Commanders and leaders
- Nikolaos Kasomoulis Dimitrios Makris Athanasios Razikotsikas [el] † Kitsos Tzavellas Notis Botsaris: Omer Vrioni Reşid Mehmed Pasha Ibrahim Pasha

Strength
- 5,000: 20,000 Ottoman regulars and Albanian Mercenaries 15,000 Egyptians

Casualties and losses
- 8,000+ soldiers and civilians: Unknown

= Third siege of Missolonghi =

1825–26 battle of the Greek War of Independence

The third siege of Missolonghi (Τρίτη Πολιορκία του Μεσολογγίου, often erroneously referred to as the second siege) was fought in the Greek War of Independence, between the Ottoman Empire and the Greek rebels, from 15 April 1825 to 10 April 1826. The Ottomans had already tried and failed to capture the city in 1822 and 1823, but returned in 1825 with a stronger force of infantry and a stronger navy supporting the infantry.

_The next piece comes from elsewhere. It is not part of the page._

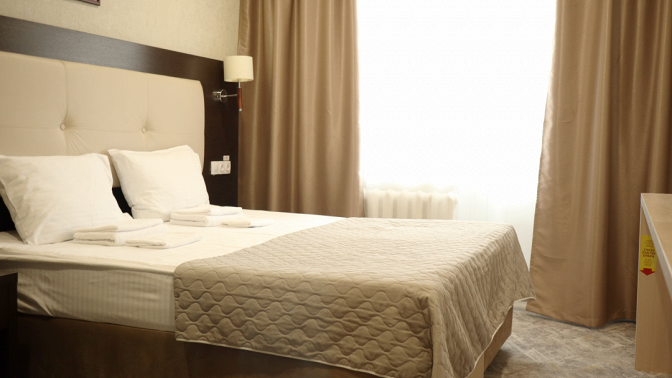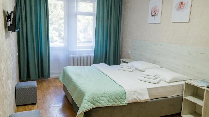 Дополнительное преимущество: в номере есть холодильник, телевизор, фен, туалетные принадлежности и полотенца.

The Greeks held out for almost a year before they ran out of food and attempted a mass breakout, which however resulted in a disaster, with the larger part of the Greeks slain. This defeat was a key factor leading to intervention by the Great Powers who, hearing about the atrocities, felt sympathetic to the Greek cause. Their support would prove decisive in helping the Greeks win the war and gain independence.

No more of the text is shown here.